Ler O Marido Malvado (Novel) – Capítulo 162 Online

Só depois de ouvir aquelas palavras Eileen percebeu que havia pessoas preocupadas com ela.
Os cavaleiros, mais do que qualquer um, devem ter ficado ansiosos ao saber que ela havia estado dentro do Pantheon desabado. Devem ter corrido até ela, tomados pela preocupação. Ela não podia simplesmente dispensá-los sem encontrá-los.
Ela também tinha muitas perguntas a fazer.
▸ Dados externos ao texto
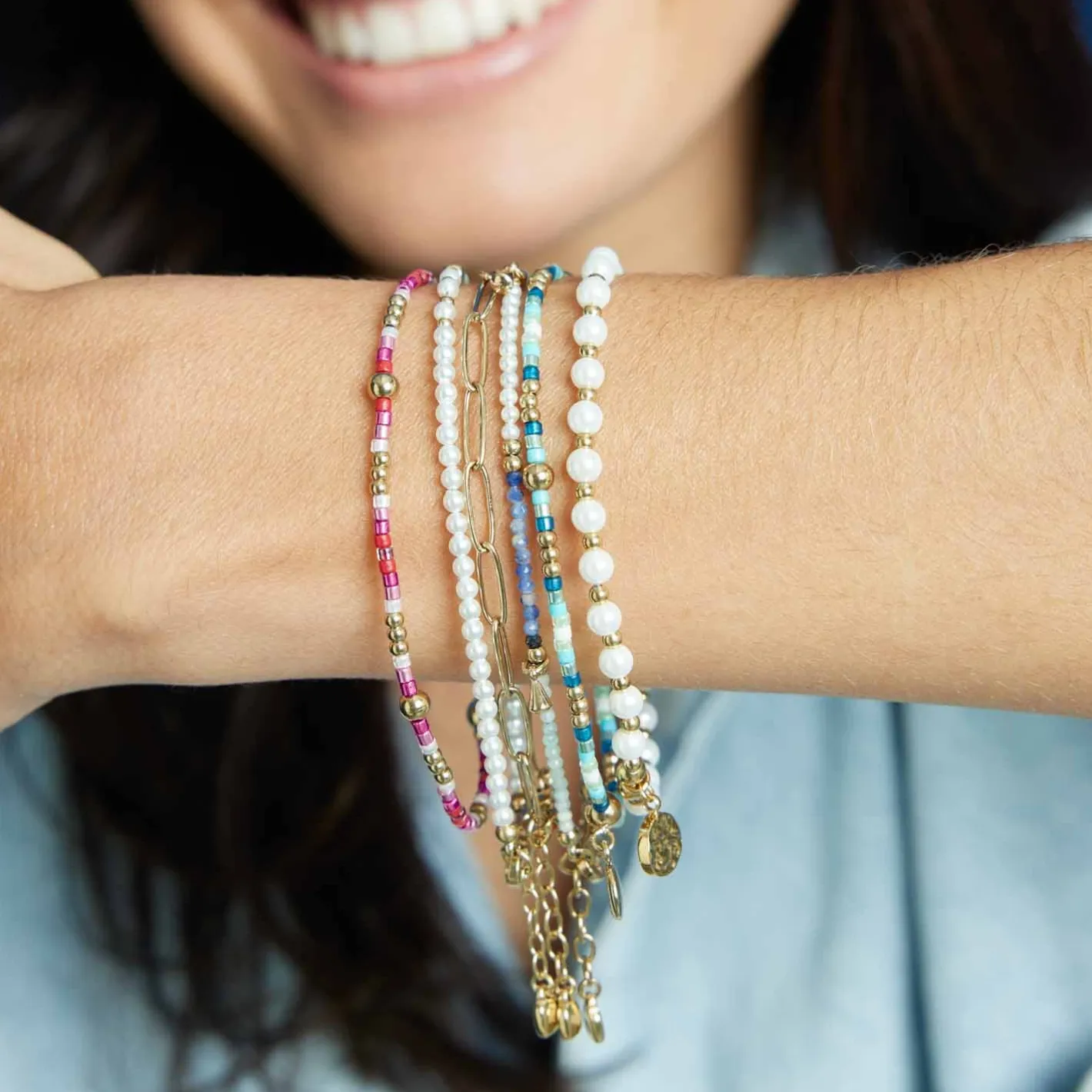 Das Armband ergibt in der Kombi mit der passenden Kette Babelli ein modern-elegantes Ensemble. Ähnlich wie bei der Kette reihen sich beim Armband auch blaue, türkisfarbene und blass-rosa/graue Natursteinchen sowie weiße Imitationsperlen aneinander. Dazwischen zeigen sich mehrere Goldtropfen, die den zarten Look unterstreichen. Dank des Karabinerverschlusses und der Verlängerungskette passt sich das Armband perfekt an.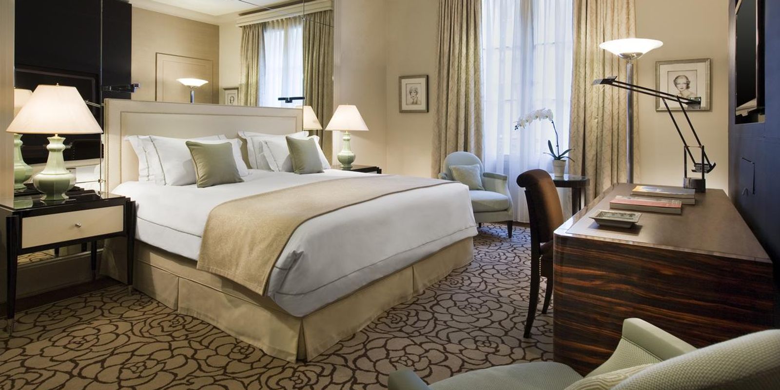 К услугам гостей — номера и люксы в стиле ар-деко со заметными акцентами: позолоченными канделябрами, мраморными полами, природными колоритами в элементах и мозаикой. Некоторые люксы выходят на балкон с видом на Париж.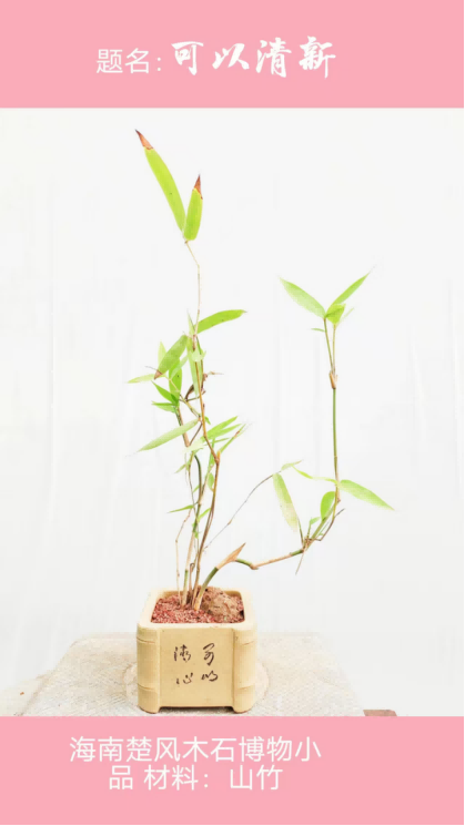 园右荒地掘一小竹,今天上盆。盆为宜兴紫砂,上镌“可以清心”四字,于是见盆起意,改一字,题名《可以清新》。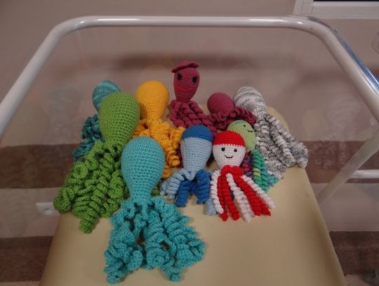 Są śliczne, miłe w dotyku i bezpieczne. Małe maskotki w kształcie ośmiorniczek, które otrzymują wcześniaki w ramach akcji "Ośmiorniczki dla wcześniaków", właśnie dotarły do Kociewskiego Centrum Zdrowia w starogardzie Gd.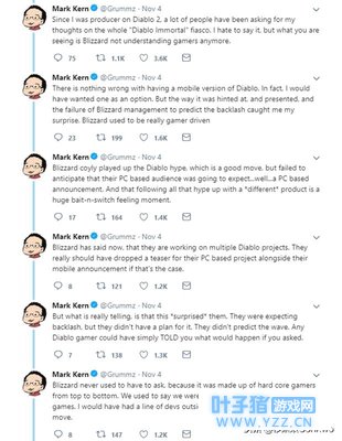 暴雪公布的《暗黑破坏神:不朽》可以说是一石激起千层浪,引发了暴雪玩家的强烈不满,暴雪公布的两段官方视频在国外视频网站上已获65万踩(这还是暴雪数次删除视频重新上传后的数据)。但很明显的是,不仅是暴雪的粉丝对此大失所望,曾经在北方暴雪担任《暗黑破坏神2》制作人的Mark Kern(曾是《魔兽世界》开发团队负责人)也在推特表达了对现在暴雪的不满——“我不想这么说,但正如你所看见的,现在的暴雪不再理解玩家了”。

Eileen fechou o livro que estava lendo e se levantou.
— Claro, eu deveria—
Mas, no momento em que se pôs de pé, sua visão oscilou. Uma onda repentina de tontura a fez cambalear, obrigando-a a se apoiar na mesa.
— Eileen!
Sonio a segurou rapidamente. Ele sempre a tratou formalmente como ‘Minha Senhora’, e ouvi-lo chamá-la pelo nome, como fazia antes do casamento, era algo raro. Apoiando-se nele, Eileen mal conseguiu se estabilizar.
— Me… desculpe…
O pedido de desculpas fraco fez Sonio balançar a cabeça enfaticamente. Ele a aconselhou a descansar, embora pela sua expressão, estava claro, já sabia que ela não o faria.
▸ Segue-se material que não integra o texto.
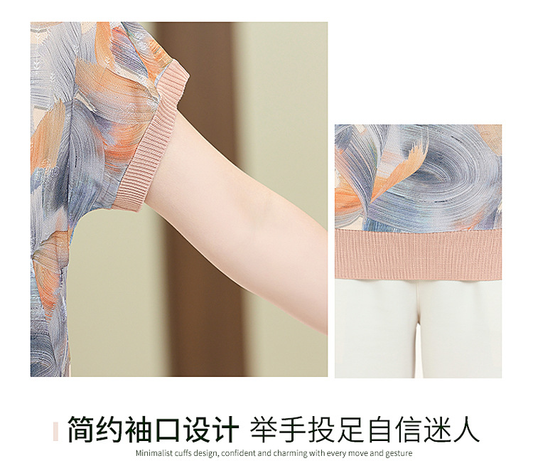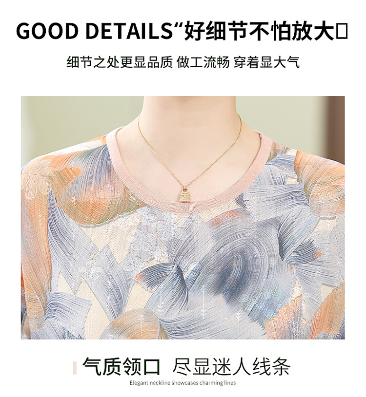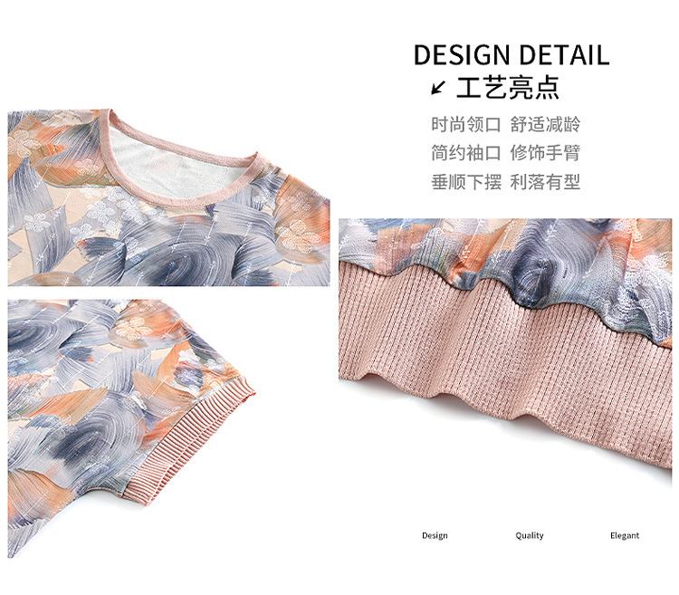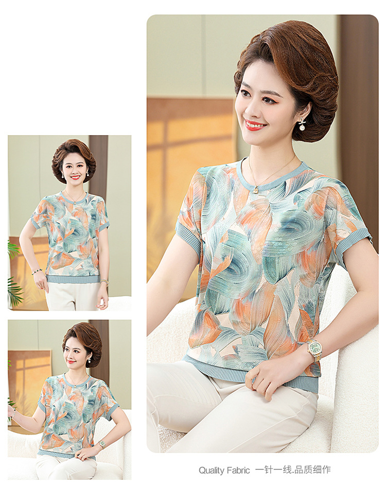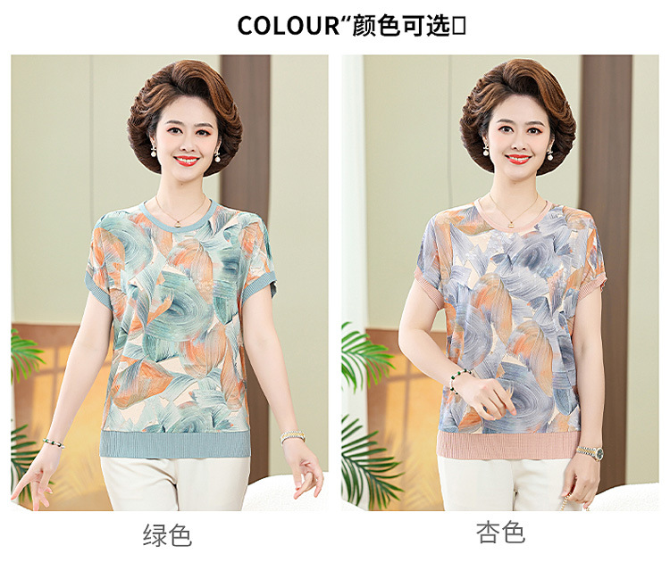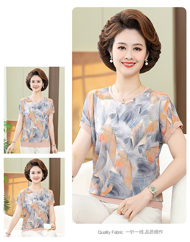 어머니의 새로운 스타일 여성의 중년 및 노인 유행 반팔 티셔츠 둥근 목 인쇄 40 세 50 세 여름 아이스 실크 탑

— …Não sei o que Sua Graça fez para magoá-la, — disse Sonio, examinando cuidadosamente seu rosto, — mas se houver algo que eu possa fazer para ajudar, por favor, me diga. Estou ao seu lado.
Sonio era um dos homens de Cesare. Ela sabia que ele nunca poderia colocá-la acima de tudo. Ainda assim, sua disposição em ficar ao seu lado trouxe certo conforto.
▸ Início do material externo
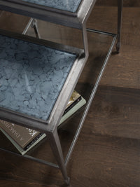 Light, airy designs in solid iron finished in antiqued silver leaf. The stepped end table has a top and shelf featuring Eglomise glass painted by individual artists in a soft grey evoking pooled water. The bottom shelf is a tempered clear glass.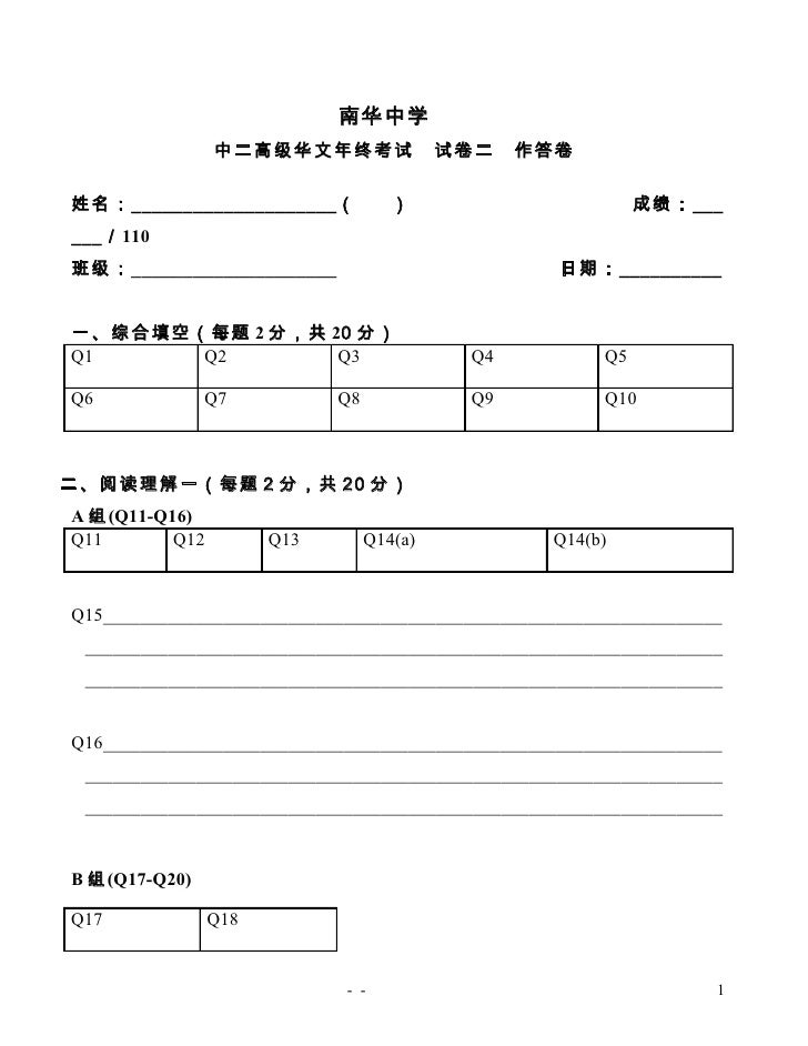 中二第一学期期中考答案 Pages 1 11 Text Version Anyflip

Eileen respondeu em voz baixa:
— Obrigada.
Com a ajuda de Sonio, ela foi até a sala de estar, onde os cavaleiros a aguardavam.
— Deixarei que conversem em particular.
Sonio apenas abriu a porta e não entrou. Os cavaleiros, que estavam sentados inquietos, imediatamente se levantaram ao ver Eileen.
— Senhora Eileen!
Diego, que estava andando de um lado para o outro agitado, foi o primeiro a se aproximar. Só depois de ver com seus próprios olhos que ela estava ilesa que ele finalmente suspirou aliviado.
Ele segurou as mãos de Eileen com força, sua tensão visivelmente se dissipando enquanto seu rosto se contorcia, quase à beira das lágrimas. Com a voz trêmula, ele murmurou:
— Estou tão feliz que você está segura.
Só depois que Lotan se aproximou e deu um tapinha firme em suas costas, é que Diego percebeu que havia segurado as mãos de Eileen sem permissão. Ele a soltou rapidamente, murmurando uma desculpa, e então pressionou os lábios.
Ao olhar para ele, Eileen percebeu que seus olhos estavam avermelhados.
Diego tinha a pele naturalmente morena, suas emoções raramente apareciam em seu rosto. Mas, para seus olhos estarem tão vermelhos, ele devia ter chorado bastante.
Eileen lentamente desviou o olhar. Atrás de Diego, Lotan estava em seu silêncio habitual, mas quando seus olhos se encontraram, ele fez um lento aceno respeitoso. Seu rosto permaneceu impassível, mas até Eileen conseguia ler a mistura de preocupação e alívio em seu olhar.
— …Minha Senhora.
Michelle, meio escondida atrás de Lotan, deu um pequeno passo à frente, finalmente se revelando. Ela franziu o nariz, tentando desesperadamente conter as lágrimas.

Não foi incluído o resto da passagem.